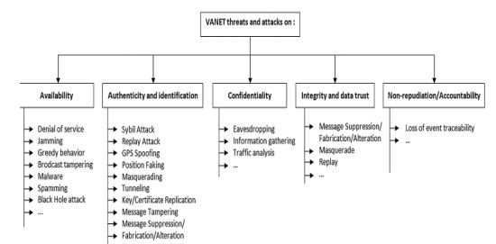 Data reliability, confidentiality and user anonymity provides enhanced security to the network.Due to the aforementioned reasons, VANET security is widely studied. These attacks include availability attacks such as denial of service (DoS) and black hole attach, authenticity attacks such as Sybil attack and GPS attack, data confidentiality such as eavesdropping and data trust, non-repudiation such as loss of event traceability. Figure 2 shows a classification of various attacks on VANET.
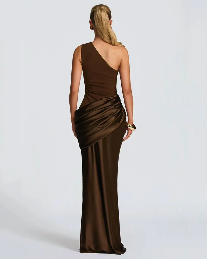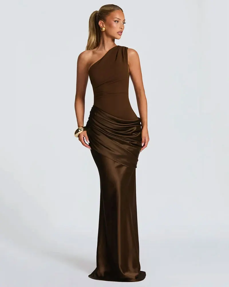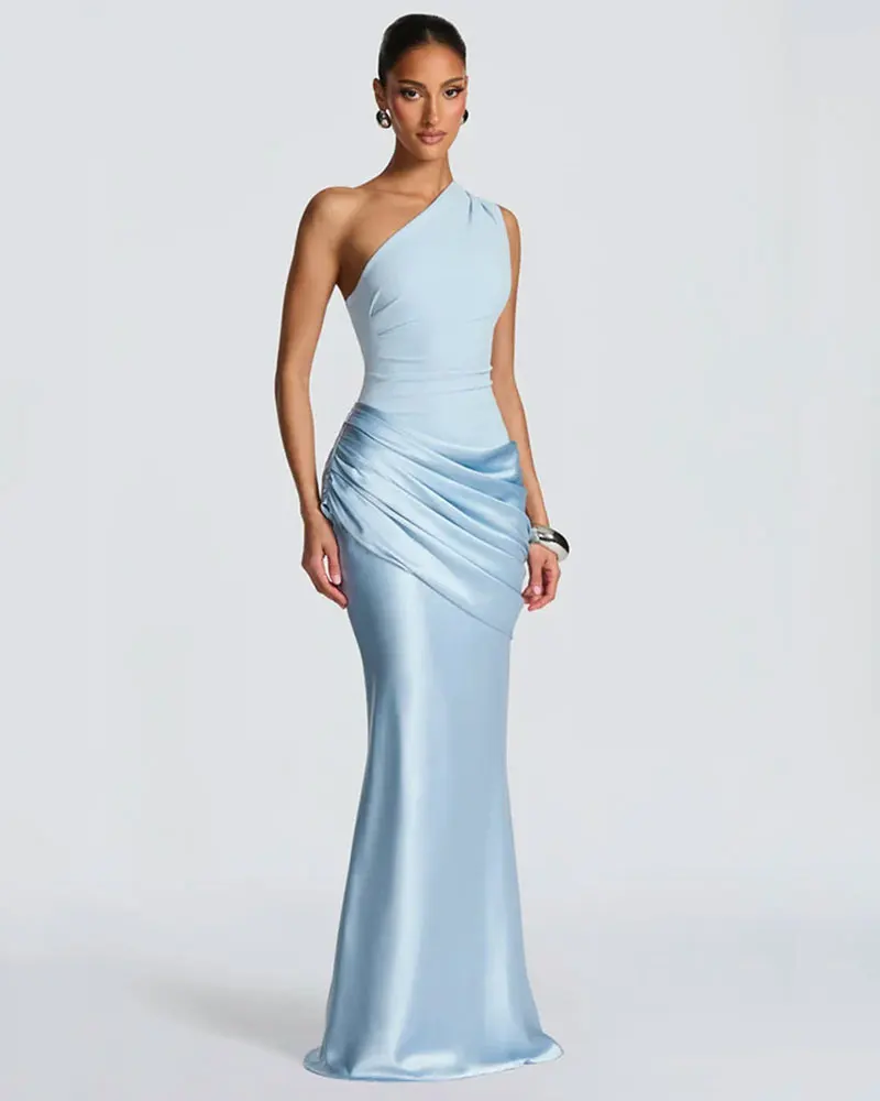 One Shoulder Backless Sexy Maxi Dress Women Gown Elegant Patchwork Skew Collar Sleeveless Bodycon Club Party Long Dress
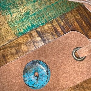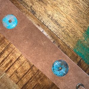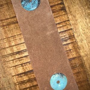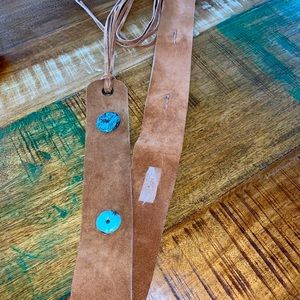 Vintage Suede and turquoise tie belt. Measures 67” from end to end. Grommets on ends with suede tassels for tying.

****

The problem: Make an exact copy of the listing. Leave its pictures out.

Answer box:
 Data reliability, confidentiality and user anonymity provides enhanced security to the network.Due to the aforementioned reasons, VANET security is widely studied. These attacks include availability attacks such as denial of service (DoS) and black hole attach, authenticity attacks such as Sybil attack and GPS attack, data confidentiality such as eavesdropping and data trust, non-repudiation such as loss of event traceability. Figure 2 shows a classification of various attacks on VANET.
 One Shoulder Backless Sexy Maxi Dress Women Gown Elegant Patchwork Skew Collar Sleeveless Bodycon Club Party Long Dress
 Vintage Suede and turquoise tie belt. Measures 67” from end to end. Grommets on ends with suede tassels for tying.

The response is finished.